أَشْهَدُ أَنْ لاَ إِلَـهَ إِلاَّ اللهُ وَحْدَهُ لاَ شَرِيْكَ لَهُ وَأَشْهَدُ أَنَّ مُحَمَّدًا عَبْدُهُ وَرَسُوْلُهُ اَللَّهُمَّ اجْعَلْنِيْ مِنَ التَّوَّابِيْنَ وَاجْعَلْنِيْ مِنَ الْمُتَطَهِّرِيْنَ

”saya bersaksi bahwa tiada Tuhan selain Allah Yang Maha Esa dan tiada sekutu bagiNya. Aku bersaksi bahwa Muhammad adalah hamba dan utusanNya.Ya Allah, jadikanlah aku termasuk orang-orang yang bertobat dan jadikanlah aku termasuk orang-orang yang bersuci”, dibukakan baginya pintu pintu surga dan masuk ke dalam pintu yang ia sukai (HR at-Tirmidzi, al-Bazzar dan at-Thabrani)

عَنْ أَبِي سَعِيْدٍ الخُدْرِي رَضِيَ اللهُ عَنْهُ،  قَالَ رَسُوْلُ اللهِ صَلَّى اللهُ عَلَيْهِ وَآلِهِ وَسَلَّمَ : مَنْ تَوَضَّأ فَقَالَ سُبْحَانَكَ اللَّهُمَّ وَبِحَمْدِكَ، أَشْهَدُ أَنْ لاَ إِلَـهَ إِلاَّ  أَنْتَ، أَسْتَغْفِرُكَ وَأَتُوْبُ إِلَيْكَ كُتِبَ فِي رَقٍّ ثُمَّ طُبِعَ بِطَابَعٍ فَلَمْ يُكْسَرْ إِلَى يَوْمِ الْقِيَامَةِ (رواه النسائي و الحاكم في المستدرك) أبي سعيد الخدري

Dalam hadits lainnya dari Abu Said Al-Khudri ra, Rasulallah saw bersabda: “Barangsiapa berwudu lalu berdo’a:

سُبْحَانَكَ اللَّهُمَّ وَبِحَمْدِكَ، أَشْهَدُ أَنْ لاَ إِلَـهَ إِلاَّ  أَنْتَ، أَسْتَغْفِرُكَ وَأَتُوْبُ إِلَيْكَ

“Maha suci Engkau Ya Allah, segala pujian untuk-Mu, tidak ada sesembahan yang berhak disembah selain Engkau, aku senantiasa memohon ampun dan bertaubat pada-Mu”, maka akan dicatat baginya di kertas dan dicetak sehingga tidak akan rusak hingga hari kiamat.” (HR an-Nasai’, al-Hakim dalam al-Mustadrak)

C- Yang Membatalkan Wudhu


1. Keluarnya sesuatu dari aurat depan dan belakang

Firman Allah:

وَإِن كُنتُم مَّرْضَى أَوْ عَلَى سَفَرٍ أَوْ جَآءَ أَحَدٌ مِّنْكُمْ مِّنَ الْغَائِطِ أَوْ لاَمَسْتُمُ النِّسَآءَ فَلَمْ تَجِدُواْ مَآءً فَتَيَمَّمُواْ صَعِيداً طَيِّباً فَامْسَحُواْ بِوُجُوهِكُمْ وَأَيْدِيكُمْ مِّنْهُ – المائدة ﴿٦﴾

Artinya: “dan jika kamu sakit atau dalam perjalanan atau kembali dari tempat buang air (kakus) atau menyentuh perempuan, lalu kamu tidak memperoleh air, maka bertayamumlah dengan tanah yang baik (bersih); sapulah mukamu dan tanganmu dengan tanah itu” (Qs Al-Maidah ayat: 6)
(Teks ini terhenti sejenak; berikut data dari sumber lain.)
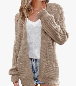 I love this Soft Open Front Cardigan.  I have it in the Dusty Blue and it’s like butter soft!  It is a bit oversized, but absolutely comfortable and the colors are so pretty.  This time I’m ordering it in the Soft Pink. It doesn’t have buttons, which I like!  And the pockets are a really nice size.  It comes in several colors, including the ones below and sizes small to extra large.  And like I said, it runs a little big.  This deal has been around before, but it was about $5 less last time.  I don’t know if it will go that low again, but I still think this is a good deal for a nice cardigan!
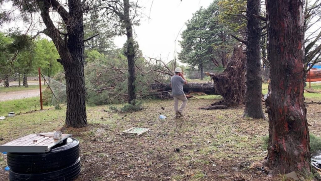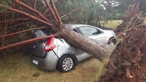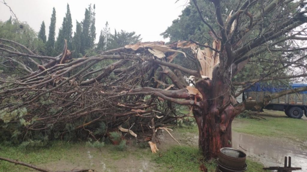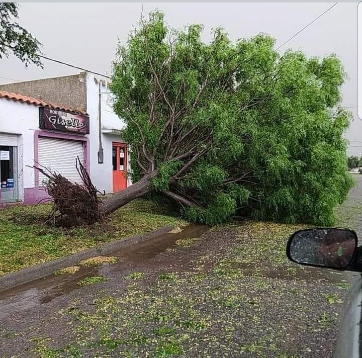 “Desde el cuartel salimos con tres dotaciones a tratar de paliar los problemas que han tenido los vecinos. Árboles caídos, voladuras de techos, una planta que aplastó un vehículo. La mayoría en el casco urbano de Darregueira. En la periferia, en el parque industrial también castigó bastante a un galpón de una empresa local pero por suerte, sin daños personales. Hubo abolladuras de vehículos y mucho lío con las plantas. Muchas ramas caídas y principalmente árboles. Es increíble cómo los arranca de raíz. En el complejo Barrio El Humo tienen un hermoso predio con un escenario techado que el viento le arrancó el techo limpito” señaló el Jefe bomberil a la vez que agregó que también se vio afectado el tendido eléctrico con la caída de postes y la interrupción del servicio que fue reestablecido cerca de las 19,30 hs.

عَنْ أَبِي هرَيْرَةَ رَضِيَ اللهُ عَنْهُ ، قَالَ رَسُوْلُ اللهِ صَلَّى اللهُ عَلَيْهِ وَآلِهِ وَسَلَّمَ : لاَ وُضُوْءَ إِلاَّ مِنْ صَوْتٍ أَوْ رِيْحٍ (رواه الترمذي)

Dari Abu Hurairah ra. Rasulallah saw bersabda “Tidaklah batal wudhu seseorang kecuali keluar suara atau bau (dari aurat belakan) (HR at-Tirmidzi).

عَنْ المِقْدَاد بن الأَسْوَد أَنَّ النَبِيَّ صَلَّى اللهُ عَلَيْهِ وَآلِهِ وَسَلَّمَ قَالَ : فيِ المَذِى يُنْضَحُ فَرْجُهُ بالماءِ وَيَتَوَضَّأُ وُضُوْءَهُ للصلاه (رواه البخاري و مسلم)

Dari Al-Miqdad bin Al-Aswad ra, Rasulallah saw bersabda: “tentang mazi, hendaknya ia membasuh kemaluannya lalu berwudhu” (HR Bukhari Muslim).

Sedang keluar mani hukumnya tidak membatalkan wudhu karena mempunyai kewajiban yang lebih besar yaitu mandi junub.

2. Hilangnya akal karena mabuk, gila, pingsan dan tidur.


عَنْ عَائِشَةَ رَضِيَ اللهُ عَنْهُا أَنَّ النَبِيَّ صَلَّى اللهُ عَلَيْهِ وَآلِهِ وَسَلَّمَ أُغْمِيَ عليه ثُمَّ فَاقَ فَاغْتَسَلَ (رواه الشيخان)

Dari Aisyah ra ia berkata: ”sesungguhnya Nabi saw pernah pingsan lalu sadar, maka beliau mandi (HR Bukhari Muslim).

Tidur berat jika dilakukan dengan berbaring membatalkan wudhu.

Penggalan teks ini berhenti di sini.